I am a complete beginner to gpgpu and opencl. I am unable to answer the following two questions about GPGPU in general,
a) Suppose I have a piece of code suitable to be run on a gpu (executes the exact same set of instructions on multiple data). Assume I already have my data on the gpu. Is there any way to look at the specifications of the cpu and gpu, and estimate the potential speed gains? For example, how can I estimate the speed gains (excluding time taken to transfer data to the gpu) if I ran the piece of code (running exact same set of instructions on multiple data) on AMDs R9 295X2 gpu (http://www.amd.com/en-us/products/graphics/desktop/r9/2...) instead of intel i7-4770K processor (http://ark.intel.com/products/75123)
b) Is there any way to estimate the amount of time it would take to transfer data to the gpu?
Thank you!
Thank you for the responses! Given the large number of factors influencing speed gains, trying and testing is certainly a good idea. However, I do have a question on the GFLOPS approach mentioned some responses; GFLOPS metric was what I was looking at before posting the question.

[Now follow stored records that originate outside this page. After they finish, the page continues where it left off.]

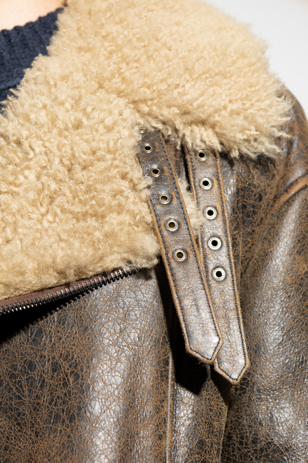Brown and beige jacket from Acne Studios. Made from lamb leather, this style fastens with a zip and showcases a shearling collar with buckle tabs. It is complete with two snap-fastened pockets, two slip pockets, logo detailing and long sleeves with shearling cuffs.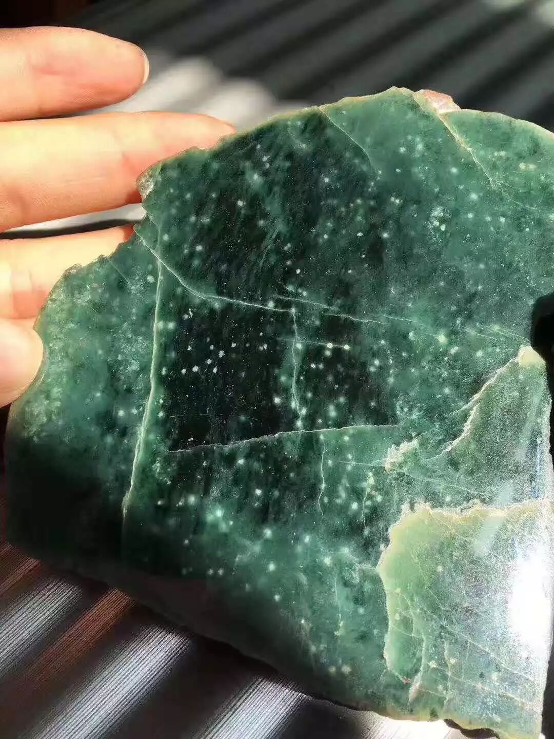 近距离看,除了有裂这个缺点,肉质还算细腻的,颜色均匀,色泽柔和,似蓝色之幽灵,美丽而富有遐想。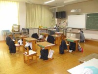 まず高学年が、肢体の不自由な方のくらしについて学習しました。津山市社会福祉協議会の職員の方2名と、現在久米地区にお住まいの車いすで生活していらっしゃる方1名をお招きして、お話を聞いたり車いすで移動させてもらったりしました。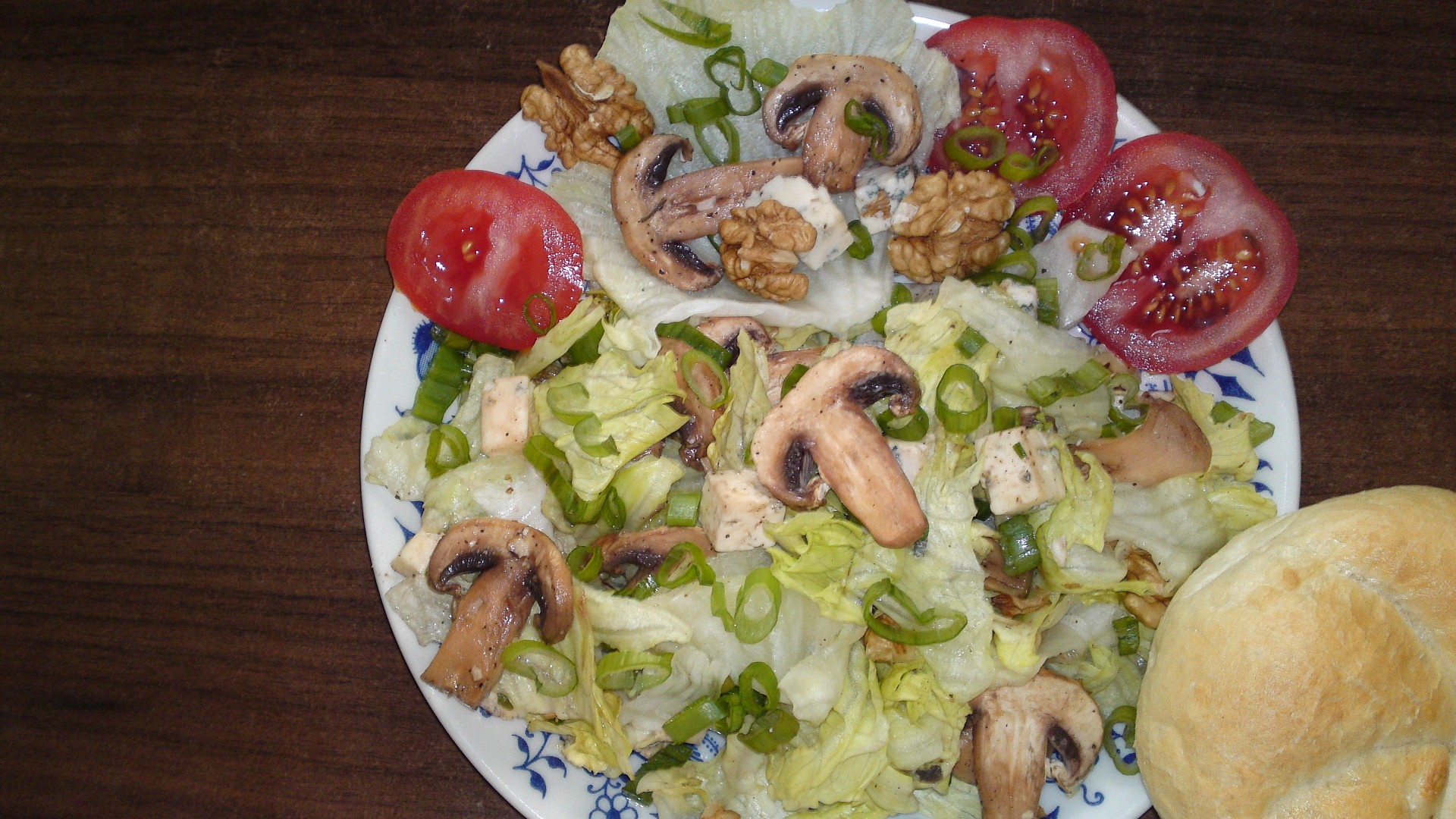 Pridáme orechy, syr, cibuľovú vňať, marinované šampiony a dôkladne všetko premiešame.
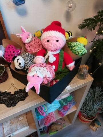 Vous l’avez peut-être vu en boutique, en ce mois de l’Avent, j’ai l’honneur d’accueillir un lutin facétieux crocheté par Jeanine de Bannalec. Je pensais qu’il serait chaleureux, mais il ressemble plus à un korrigan breton qu’à un lutin de Noël. Il met le bazar dans ma boutique et chaque jour je le retrouve dans un coin différent. La semaine dernière, il a mélangé les lingettes réutilisables et essayé toutes les gavroches.. Il s’est même caché dans les doudous pour faire peur aux visiteurs. Et aujourd’hui, devinez ce que fait ce coquin, il chuchote des mots doux au mannequin ! Non mais, je n’ose même pas imaginer où je vais le retrouver demain !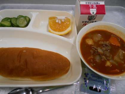 今日の給食は、ビーフシチュー、きゅうりのサラダ、あまなつかん、ブルーベリージャム、コッペパン、牛乳です。あまなつかんは夏みかんから生まれました。さわやかで甘酸っぱい味がします。かぜを防ぐビタミンが多く含まれています。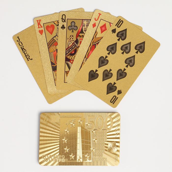 Выбирайте карты игральные пластиковые «500 евро», колода 54 шт., 8.7×5.7 см, золотистые, в шкатулке и наслаждайтесь любимой игрой.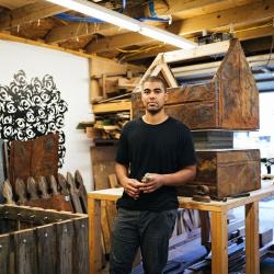 North Charleston, SC, native and resident Fletcher Williams III (b. 1987) has shown his work in more than two dozen exhibitions since receiving his BFA at New York’s Cooper Union in 2010. Among the mixed media artist’s five solo exhibitions are Traces at 701 Center for Contemporary Art in Columbia, SC, in 2018 and Promise Land in 2020 at the historic Aiken-Rhett House in downtown Charleston, SC. The latter was a venue-wide exhibition in which Williams engaged the urban plantation’s grounds and indoor spaces with his paintings, sculptures and installations. Among the group shows that included Williams’ work are those at the Museum of Contemporary African Diasporan Art, the Caribbean Cultural Center and Cooper Union, all in New York City; Gateway Project Spaces in Newark, NJ; the San Diego Museum of Contemporary Art + African American Museum of Fine Art in California; the Mint Museum and Hodges Taylor Gallery in Charlotte, NC; the Mann-Simons Site and McKissick Museum in Columbia, SC; and several venues in Charleston and elsewhere in South Carolina. At the Mint Museum, Williams was included in Coined in the South, a 2019–2020 overview of art in the US South. Williams’ work is in the permanent collection of Charleston’s Gibbes Museum, where he was a visiting artist in 2019. He worked on the set of the Amazon Prime series The Underground Railroad, and his work has been discussed in some two-dozen publications, including the Wall Street Journal and the New York Times.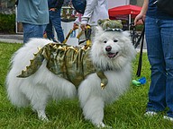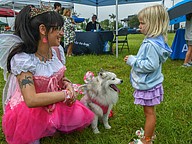 Amber Downs and Ruby attended the Pet Fest both years. Ruby has her own cards with her different costumes and she went this year as a taco!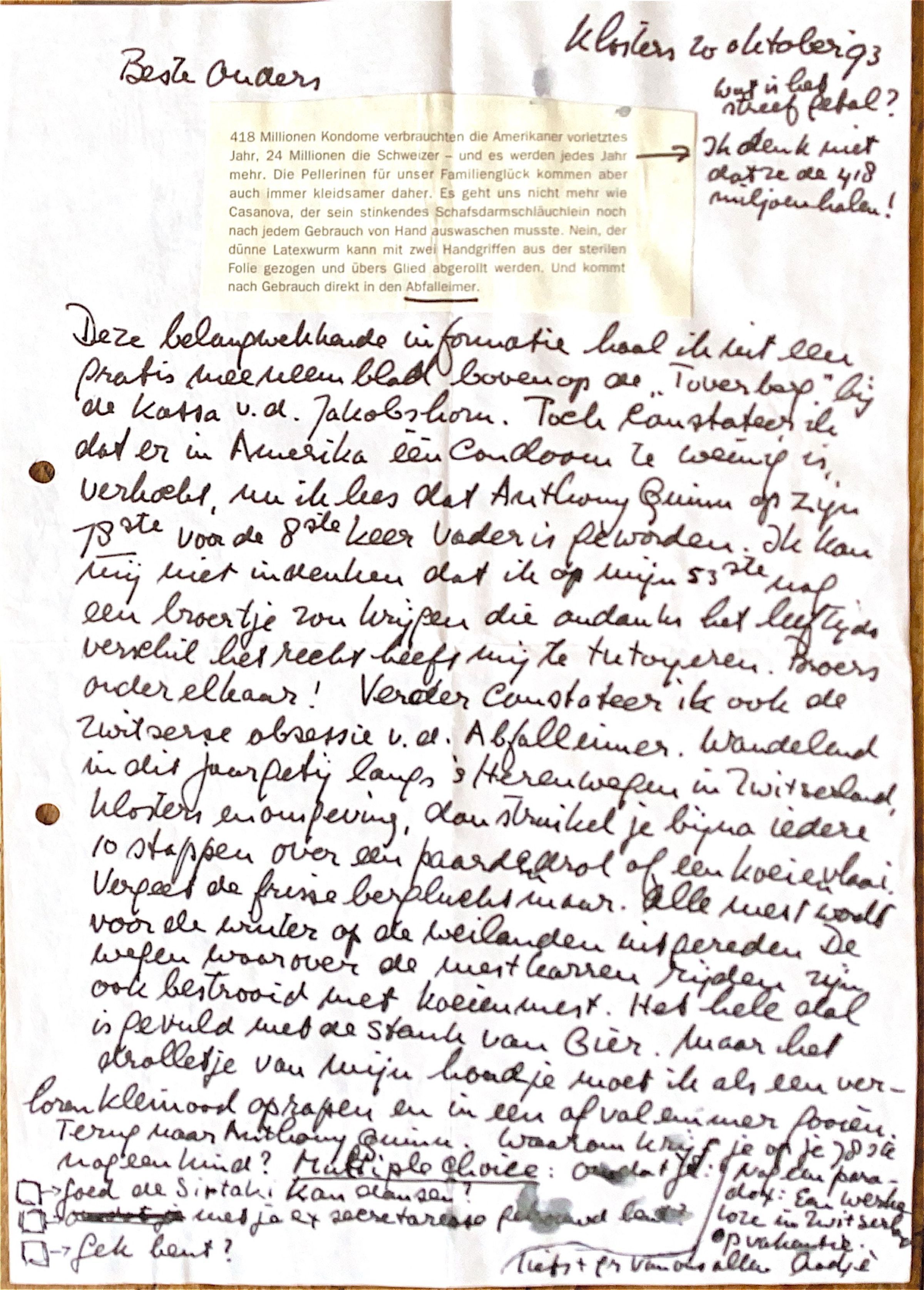 deze belangwekkende informatie haal ik uit een gratis meeneem-blad boven op de "Toverberg" bij de kassa van de Jacobshorn/Davos. Toch constateer ik dat er in Amerika één condoom te weinig is verkocht, nu ik lees dat de filmster Anthony Quinn op zijn 78ste voor de 8ste keer vader is geworden. Ik kan mij niet indenken, dat ik op mijn 53ste jaar nog een broertje zou krijgen, die ondanks het leeftijdsverschil, recht heeft mij te tutoyeren. Broers onder elkaar !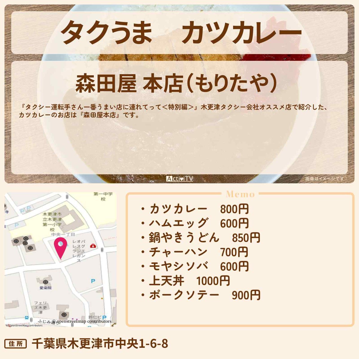 #タクシー運転手さん一番うまい店に連れてって 木更津の蕎麦屋さんのカツカレー 木更津タクシー会社オススメ店 『森田屋本店』のお店情報 【住所】 千葉県木更津市中央1-6-8 詳しくは👉 activitv.com/entry/taxi_uma… #タクうま #吉村崇 #平成ノブシコブシ #鈴木福 #村上佳菜子 pic.x.com/0woKzqw4kq

I would think that GFLOPS would be a good way to estimate potential performance gains for SIMD type operations, given that it takes into account difference in clock speeds, cores, and floating point operations per cycle. However, when I crunch numbers using GFLOPS specifications something does not seem correct.
The Good:
GFLOPS based estimate seems to match the observed speed gains for the toy kernel below. The kernel for input integer "n" computes the sum (1+2+3+...+n) in a brute force way. I feel, the kernel below for large integers has a lot of computation operations. I ran the kernel for all ints from 1000 to 60000 on gpu and cpu (sequentially on cpu, without threading), and measured the timings.
__kernel void calculate(__global int* input,__global int* output){
size_t id=get_global_id(0);
int inp_num=input[id];
int si;
int sum;
sum=0;
for(int i=0;i<=inp_num;++i)
sum+=i;
output[id]=sum;
}
GPU on my laptop:
NVS 5400M (www.nvidia.com/object/nvs_techspecs.html)
GFLOPS, single precision: 253.44 (en.wikipedia.org/wiki/List_of_Nvidia_graphics_processing_units)
CPU on my Laptop:
intel i7-3720QM, 2.6 GHz
GFLOPS (assuming single precision): 83.2 (download.intel.com/support/processors/corei7/sb/core_i7-3700_m.pdf). Intel document does not specify if it is single or double
CPU Time: 3.295 sec
GPU Time: 0.184 sec
Speed gains per core: 3.295/0.184 ~18
Theoretical Estimate of Speed gains with Using all 4 cores: 18/4 ~ 4.5
Speed Gains based on FLOPS: (GPU FLOPS)/(CPU FLOPS) = (253.44/83.2) = 3.0
For the above example GLOPS based estimate seems to be consistent with those obtained from experimentation, if the intel documentation indeed specifies FLOPS for single and not double precision. I did try to search for more links for flops specification for the intel processor on my laptop. The observed speed gain also seems good, given that I have a modest GPU
The Problem:
The FLOPS based approach seems to give a much lower than expected speed gains, after factoring gpu price, when comparing AMDs R9 295X2 gpu (www.amd.com/en-us/products/graphics/desktop/r9/295x2#) with intels i7-4770K (ark.intel.com/products/75123):
AMDs FLOPS, single precision: 11.5 TFLOPS (from above mentioned link)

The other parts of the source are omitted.